Adam F. didn't suggest it. He reported quotes from Woodcock own words. It was easier for me to quote Adam's article then it was for me to access transcript. Be intellectually honest for once.
Red, Just read your post and you know for sure that the panel members were told only to consider the Adcom Briefing docs? This is reversible error.
So do still believe the efficacy standard for AA is still "substantial evidence"? This is Janet Woodcock, Director of Drug Development and Research at FDA, addressing the panel before the vote as reported in a summary by Adam F. "Woodcock invoked the "reasonably likely" accelerated approval standard four times in that single statement. "Reasonably likely" offers a lot of leeway and flexibility to say yes. She reminds the panel members that there's no established dystrophin production threshold for DMD". Bionerd=10...Ru=0
Agree with all the negative comments about his adcom/blogging commentary but on rare occasions he can be an objective reporter and today's article is just that. This is the reason the stock is doing so well in early trading. This was't subjective commentary
I am not a big fan of his but today's article is a must read. He objectively reports on the panels questions to janet Woodcock and bob Temple. When queried about the "standard" they both repeatedly state' " reasonably likely to confer a clinical benefit"..... Posters who don't believe that Woodcock has a big problem on her hands are kidding themselves. She is keenly aware that the committees use of "substantial evidence" is contrary to the PDASIA / AA 2012 law.
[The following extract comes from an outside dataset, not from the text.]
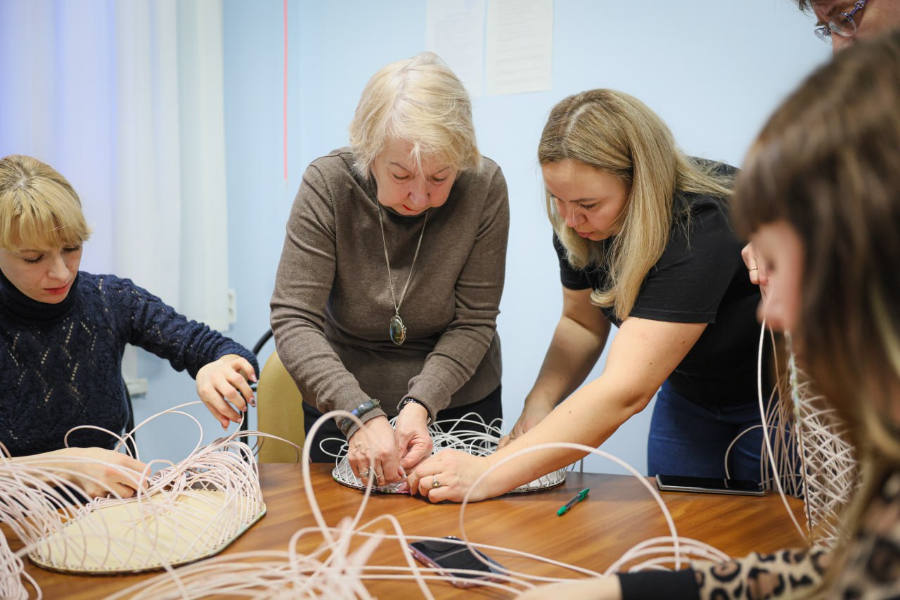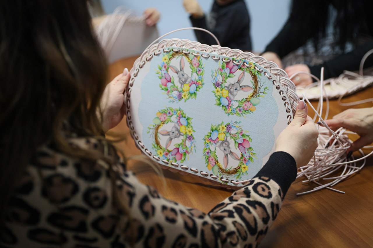 Первое занятие в стенах Ликино-Дулевского отделения провела Анна Михрячева: она научила мам плести корзины из ротанга и украшать их в технике декупажа.

Yahoo won't let me post link but it is a video link of his dystrophin research on % + fibers and their effect on adjacent fibers and his 30 year research demonstrated that even if there is small amounts produced provides significant clinical benefits in animal models. One can find link on twitter or Google
Tred, Agreed. I also was told that Steve Wilton was there to rebut Farkas's western Blot and IF conclusions and work into his comments changes at the cellular level of eteplirsen treated patients. Did not happen. I liked Christine McSherry's presentation in the am session immediately after Ed Kaye but SRPT should have used that time to focus on question #2 dystrophin endpoint. This is where Wilton could have made a better case.